Historia opowiedziana w „Szarym chłopcu” od pierwszej strony dziwi i zaskakuje. No bo czy często zdarza się, aby lektura dla dzieci zaczynała się od sceny porodu i policzka wymierzonemu uczestniczącemu w tym wydarzeniu ojcu przez jego rodzącą żonę?
„Gdy tylko Marcinek wystawił głowę na świat, usłyszał odgłos policzka, który jego matka, Teresa, z domu Śpiewaczykiewicz, wymierzyła ojcu, Marcelemu Śpiewakowskiemu – za to, że opowiadał głupoty.

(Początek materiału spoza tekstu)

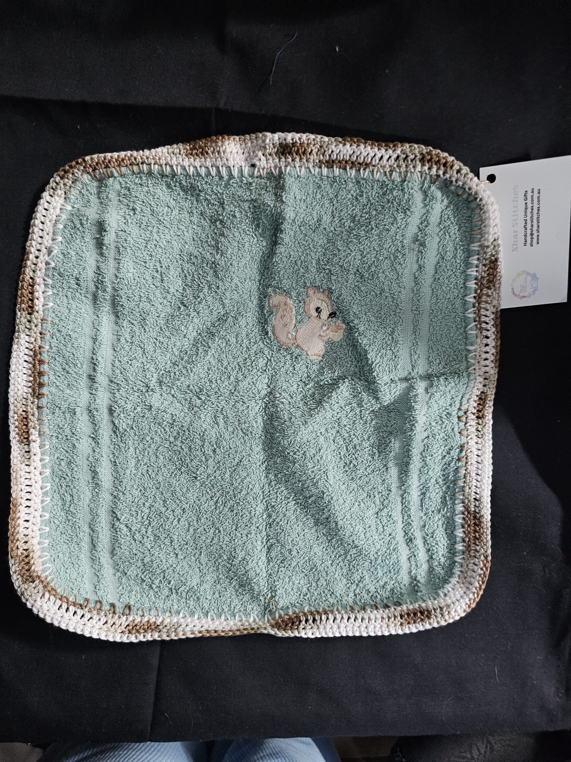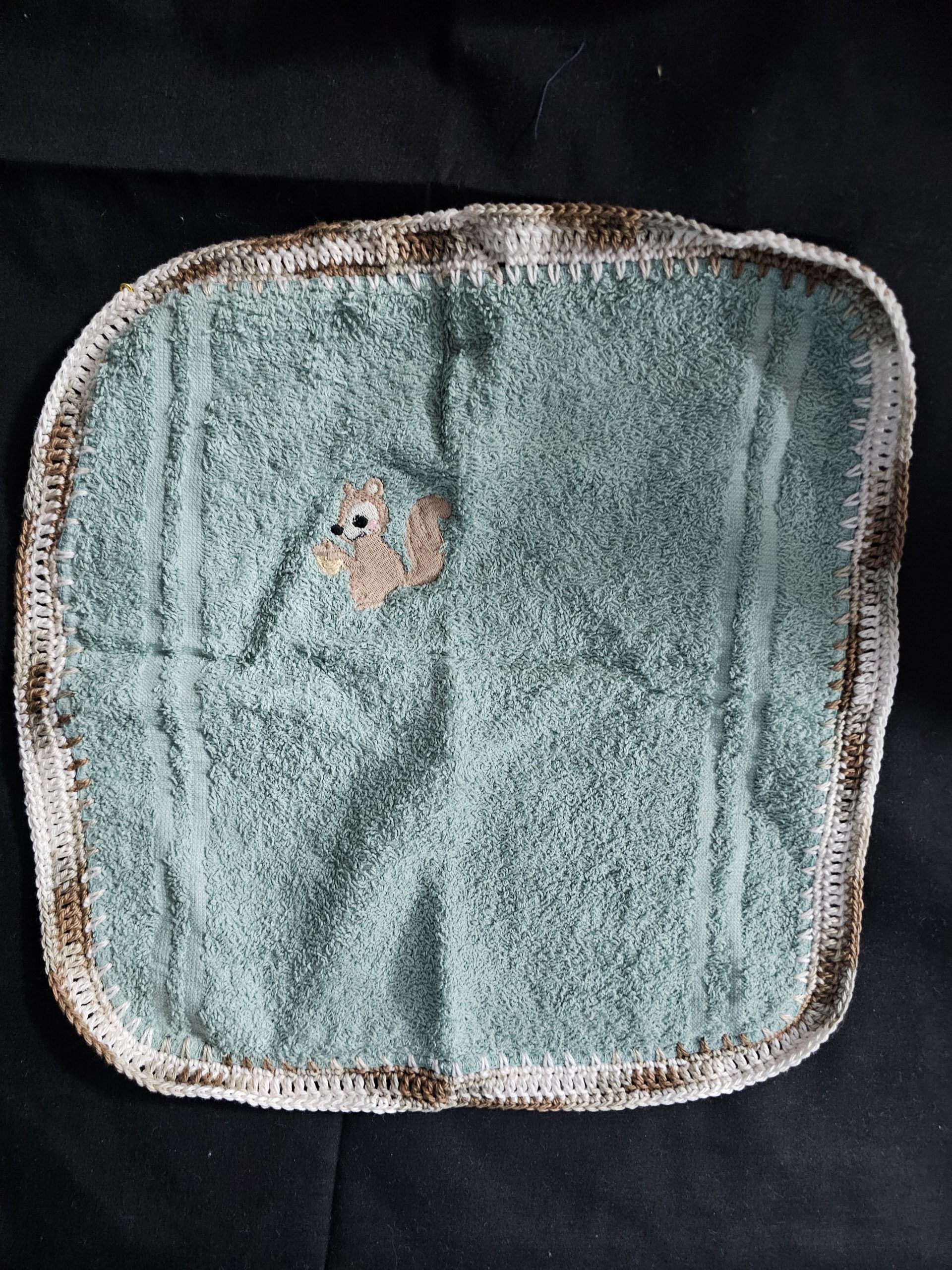 Green Toweling Washer with Embroidered Squirrel and Varigated White and Brown Crochet Edge

– Teresko, TO NIE MOJE DZIECKO!
Nikt w mojej rodzinie nie ma takiego koloru skóry!”
„Szary chłopiec” to książka o emocjach — bywa tak, że czujemy się z nich „wyprani”. Nic nas nie bawi, nie cieszy, nie dziwi... jednak przeważnie taki stan trwa tylko jakiś czas, potem mija. W przypadku Marcinka było inaczej. Chłopiec od urodzenia był szary — i dosłownie: taki miał kolor skóry, i w przenośni, bo szare było jego wnętrze. Rodzice chłopca robili, co mogli, by obudzić jakieś emocje w dziecku. Marcinka nie zaskakiwało nic — nawet cuda i dziwy, których był świadkiem w czasie wycieczki po świecie, którą mu zafundowali rodzice, wierząc, że w jej czasie chłopiec ożywi się, obudzi, zachwyci. Marcinek był uczestnikiem wydarzeń tak niesamowitych i wstrząsających jak spotkanie oko w oko dzikich zwierząt, oglądanie porodu żyrafy, wyprawa na biegun itd... Niestety, chłopiec co najwyżej reagował na nie uniesieniem brwi. I tyle.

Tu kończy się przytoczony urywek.